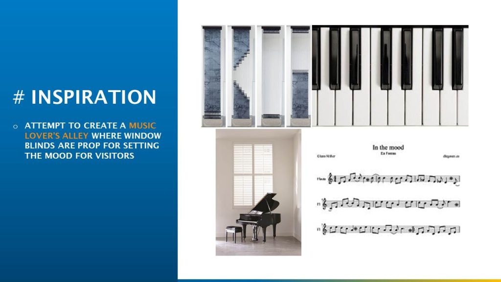One long wall was ideated as a giant piano wall with white hued blinds servings as white keys with extruded black keys. A guitar, wooden bar stool and notes stand served as props in the musical ambience.
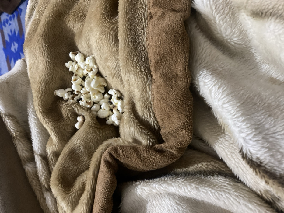 - "This image depicts a quantity of popped popcorn kernels resting on a textured, plush blanket in an interior setting within الغنادة, Tunisia" by FM-VKGKm1, licensed under CC BY 4.0
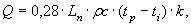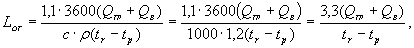 где Gi - расход инфильтрующегося воздуха, кг/ч, через ограждающие конструкции помещения, определяемый в соответствии с п. 3 настоящего приложения; с - удельная теплоемкость воздуха, равная 1 кДж/(кг×°С); tp, ti - расчетные температуры воздуха, °С, соответственно в помещении (средняя с учетом повышения для помещений высотой более 4 м) и наружного воздуха в холодный период года (параметры Б); k - коэффициент учета влияния встречного теплового потока в конструкциях, равный 0,7 для стыков панелей стен и окон с тройными переплетами, 0,8 - для окон и балконных дверей с раздельными переплетами и 1,0 – для одинарных окон, окон и балконных дверей со спаренными переплетами и открытых проемов. 2. Расход теплоты Q, Вт, на нагревание инфильтрующегося воздуха в помещениях жилых и общественных зданий при естественной вытяжной вентиляции, не компенсируемого подогретым приточным воздухом, следует принимать равным приточным воздухом, следует принимать равным большей из величин, полученных по расчету по формулам (1) и (2):
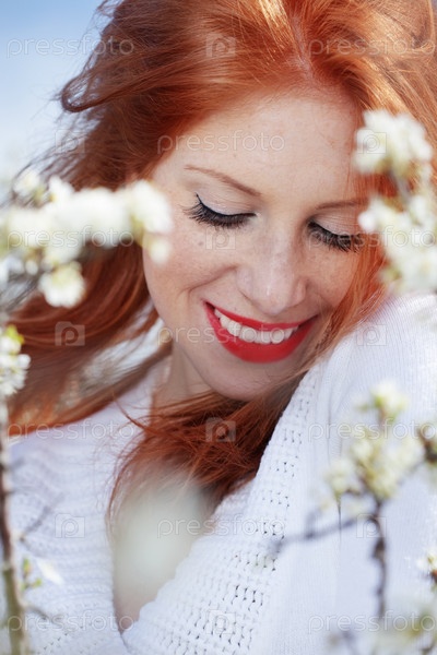 Весенний портрет красивой рыжеволосой девушки
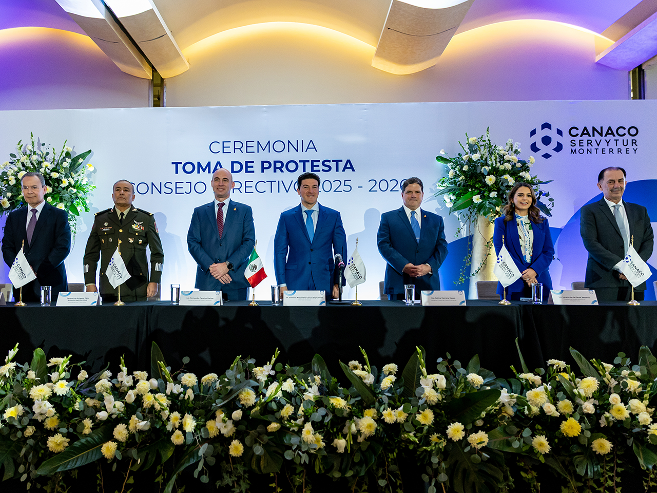 Monterrey, NL.- Al refrendar su compromiso con el sector empresarial, el Gobernador Samuel Alejandro García Sepúlveda encabezó la ceremonia de toma de protesta del nuevo presidente de la Cámara Nacional de Comercio, Servicios y Turismo de Monterrey (CANACO), Jaime Herrera Casso, así como del Consejo Directivo 2025-2026.
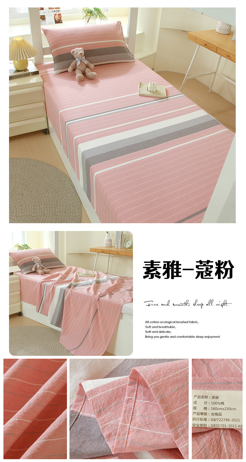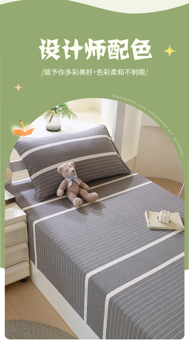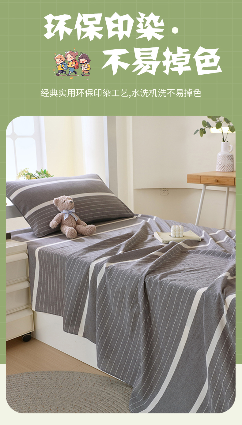 商品名称:春皖家纺 2025新款学生季全棉纯棉色织AB版水洗棉单品系列-单床单 床单单件 素雅-灰条
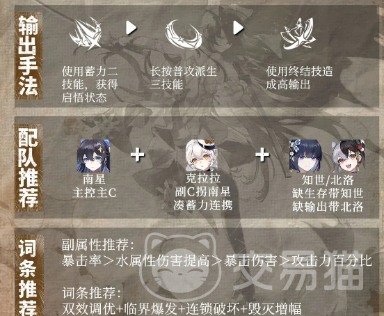关于装备副属性的优先级,建议依次关注暴击率、水属性伤害提升、暴击伤害以及攻击力百分比。由于南星的技能体系以水属性为核心,提升水伤可直接增强所有技能的伤害基数。暴击率需优先堆叠至50%以上,确保输出稳定性,减少未暴击带来的伤害波动。在此基础上补充暴击伤害,进一步扩大暴击时的输出上限。最后通过攻击力百分比强化基础面板,使每一项属性都高效转化为实际战力。特效词条方面,双效调优和临界爆发为首选,前者有助于优化技能衔接节奏,后者则可在关键时刻提升输出峰值。
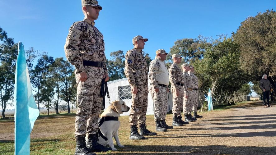 Agentes del Servicio Penitenciario Bonaerense (SPB) del Departamento Descentralizado de la Dirección de Cinotecnia vivieron con emoción el acto en compañía de autoridades del Complejo Zona Centro Sur.
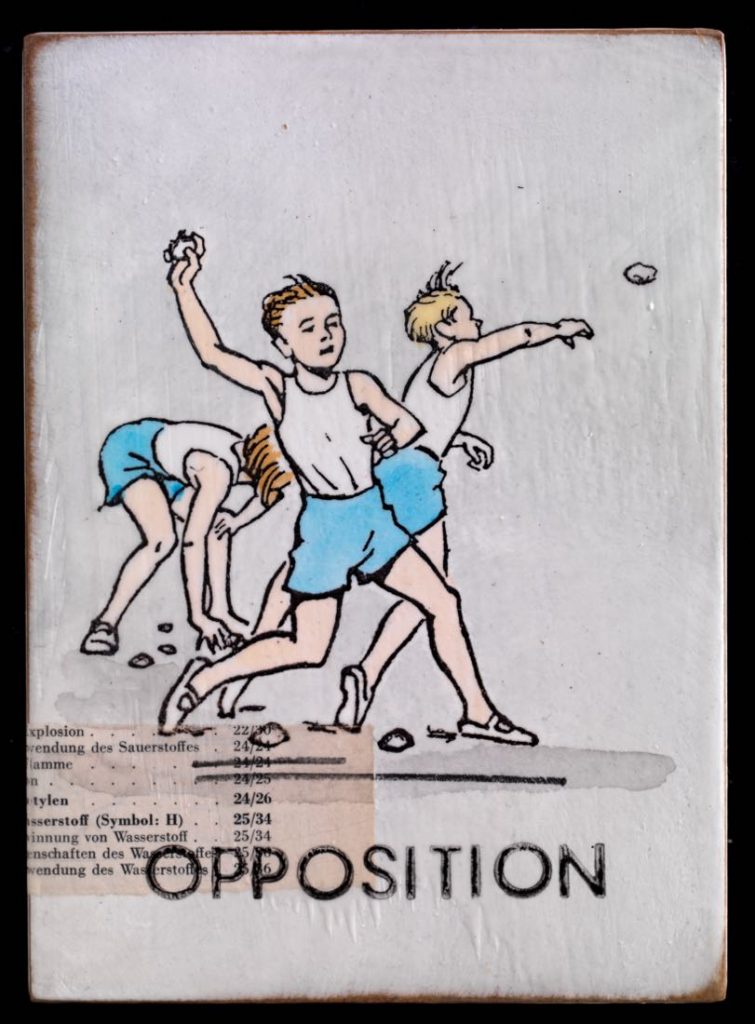Kunst für Alle, Provokation, Denkhilfen, Witz und Ironie. Alle diese Begriffe können das Wandobjekt „opposition“ definieren. Den Künstler Jan M. Petersen arbeitet hier mit Acryl und Wachs auf Holz.
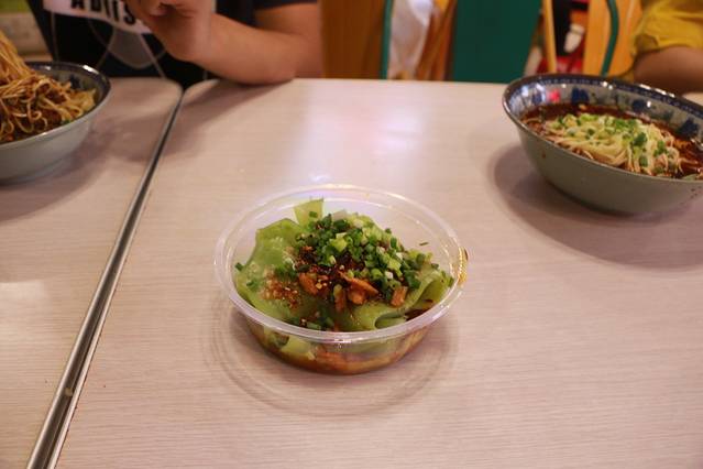 绿色凉皮,以蔬菜汁代替水和面,入口和普通凉皮没有什么很大区别,推荐指数:🌟🌟🌟
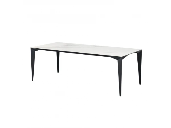 - Materiaal: keramisch bovenblad van 4 mm gelijmd op een getemperd glasblad van 8 mm en zwart metalen onderstel
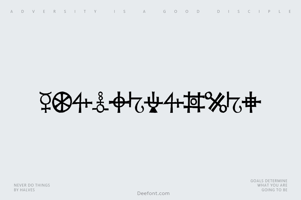 Agathodaimon is a distinctive decorative display font featuring medieval alchemical and esoteric symbols. Each character represents authentic historical chemical symbols from ancient times through the middle ages, based on the calligraphy and work of Rudolf Koch. The font contains 110 meticulously crafted characters with bold, simple designs that appear as woodcuts. Ideal for artistic designs, mystical projects, envelope decoration, letterhead, borders, logo design, and professional desktop publishing. The symbols print beautifully from 8 to 200 points and are particularly effective in larger sizes.
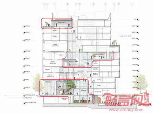 美国巴尔的摩大学为其法学院设计的一栋新建筑旨在提供现代功能要求,帮助大学为该地区文化、商业和未来发展贡献力量。大学为法学院建筑设计举办了设计竞赛,最终Behnisch建筑事务所获得了竞赛的第一名。
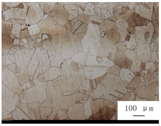 The original metallographic picture of Nb-contained 316LN used in this paper is shown in Figure 7. The average grain size was measured as 180 μm. Annealing twins with straight grain boundaries existed in the microstructure. For Nb-contained 316LN is a kind of Face Center Cubic structure stainless steel with low SFE, the occurrence of twins is frequent.
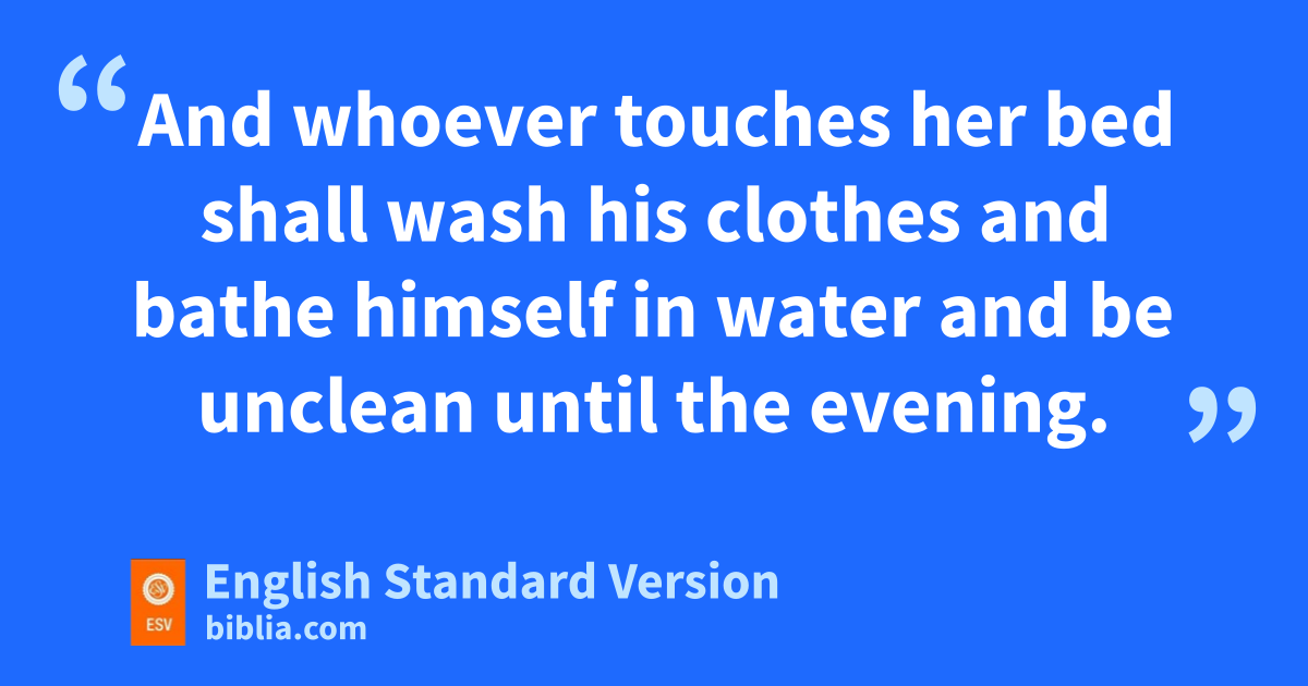 19 “When a woman has a discharge, and the discharge in her body is blood, she shall be in her menstrual impurity for seven days, and whoever touches her shall be unclean until the evening. 20 rAnd everything on which she lies during her menstrual impurity shall be unclean. Everything also on which she sits shall be unclean. 21 And whoever touches her bed shall wash his clothes and bathe himself in water and be unclean until the evening. 22 And whoever touches anything on which she sits shall wash his clothes and bathe himself in water and be unclean until the evening. 23 Whether it is the bed or anything on which she sits, when he touches it he shall be unclean until the evening. 24 And sif any man lies with her and her menstrual impurity comes upon him, he shall be unclean seven days, and every bed on which he lies shall be unclean.
+++
Your answer must be an exact copy of the listing, minus its pictures.

One long wall was ideated as a giant piano wall with white hued blinds servings as white keys with extruded black keys. A guitar, wooden bar stool and notes stand served as props in the musical ambience.
 - "This image depicts a quantity of popped popcorn kernels resting on a textured, plush blanket in an interior setting within الغنادة, Tunisia" by FM-VKGKm1, licensed under CC BY 4.0
 где Gi - расход инфильтрующегося воздуха, кг/ч, через ограждающие конструкции помещения, определяемый в соответствии с п. 3 настоящего приложения; с - удельная теплоемкость воздуха, равная 1 кДж/(кг×°С); tp, ti - расчетные температуры воздуха, °С, соответственно в помещении (средняя с учетом повышения для помещений высотой более 4 м) и наружного воздуха в холодный период года (параметры Б); k - коэффициент учета влияния встречного теплового потока в конструкциях, равный 0,7 для стыков панелей стен и окон с тройными переплетами, 0,8 - для окон и балконных дверей с раздельными переплетами и 1,0 – для одинарных окон, окон и балконных дверей со спаренными переплетами и открытых проемов. 2. Расход теплоты Q, Вт, на нагревание инфильтрующегося воздуха в помещениях жилых и общественных зданий при естественной вытяжной вентиляции, не компенсируемого подогретым приточным воздухом, следует принимать равным приточным воздухом, следует принимать равным большей из величин, полученных по расчету по формулам (1) и (2):
 Весенний портрет красивой рыжеволосой девушки
 Monterrey, NL.- Al refrendar su compromiso con el sector empresarial, el Gobernador Samuel Alejandro García Sepúlveda encabezó la ceremonia de toma de protesta del nuevo presidente de la Cámara Nacional de Comercio, Servicios y Turismo de Monterrey (CANACO), Jaime Herrera Casso, así como del Consejo Directivo 2025-2026.
 商品名称:春皖家纺 2025新款学生季全棉纯棉色织AB版水洗棉单品系列-单床单 床单单件 素雅-灰条
关于装备副属性的优先级,建议依次关注暴击率、水属性伤害提升、暴击伤害以及攻击力百分比。由于南星的技能体系以水属性为核心,提升水伤可直接增强所有技能的伤害基数。暴击率需优先堆叠至50%以上,确保输出稳定性,减少未暴击带来的伤害波动。在此基础上补充暴击伤害,进一步扩大暴击时的输出上限。最后通过攻击力百分比强化基础面板,使每一项属性都高效转化为实际战力。特效词条方面,双效调优和临界爆发为首选,前者有助于优化技能衔接节奏,后者则可在关键时刻提升输出峰值。
 Agentes del Servicio Penitenciario Bonaerense (SPB) del Departamento Descentralizado de la Dirección de Cinotecnia vivieron con emoción el acto en compañía de autoridades del Complejo Zona Centro Sur.
Kunst für Alle, Provokation, Denkhilfen, Witz und Ironie. Alle diese Begriffe können das Wandobjekt „opposition“ definieren. Den Künstler Jan M. Petersen arbeitet hier mit Acryl und Wachs auf Holz.
 绿色凉皮,以蔬菜汁代替水和面,入口和普通凉皮没有什么很大区别,推荐指数:🌟🌟🌟
 - Materiaal: keramisch bovenblad van 4 mm gelijmd op een getemperd glasblad van 8 mm en zwart metalen onderstel
 Agathodaimon is a distinctive decorative display font featuring medieval alchemical and esoteric symbols. Each character represents authentic historical chemical symbols from ancient times through the middle ages, based on the calligraphy and work of Rudolf Koch. The font contains 110 meticulously crafted characters with bold, simple designs that appear as woodcuts. Ideal for artistic designs, mystical projects, envelope decoration, letterhead, borders, logo design, and professional desktop publishing. The symbols print beautifully from 8 to 200 points and are particularly effective in larger sizes.
 美国巴尔的摩大学为其法学院设计的一栋新建筑旨在提供现代功能要求,帮助大学为该地区文化、商业和未来发展贡献力量。大学为法学院建筑设计举办了设计竞赛,最终Behnisch建筑事务所获得了竞赛的第一名。
 The original metallographic picture of Nb-contained 316LN used in this paper is shown in Figure 7. The average grain size was measured as 180 μm. Annealing twins with straight grain boundaries existed in the microstructure. For Nb-contained 316LN is a kind of Face Center Cubic structure stainless steel with low SFE, the occurrence of twins is frequent.
 19 “When a woman has a discharge, and the discharge in her body is blood, she shall be in her menstrual impurity for seven days, and whoever touches her shall be unclean until the evening. 20 rAnd everything on which she lies during her menstrual impurity shall be unclean. Everything also on which she sits shall be unclean. 21 And whoever touches her bed shall wash his clothes and bathe himself in water and be unclean until the evening. 22 And whoever touches anything on which she sits shall wash his clothes and bathe himself in water and be unclean until the evening. 23 Whether it is the bed or anything on which she sits, when he touches it he shall be unclean until the evening. 24 And sif any man lies with her and her menstrual impurity comes upon him, he shall be unclean seven days, and every bed on which he lies shall be unclean.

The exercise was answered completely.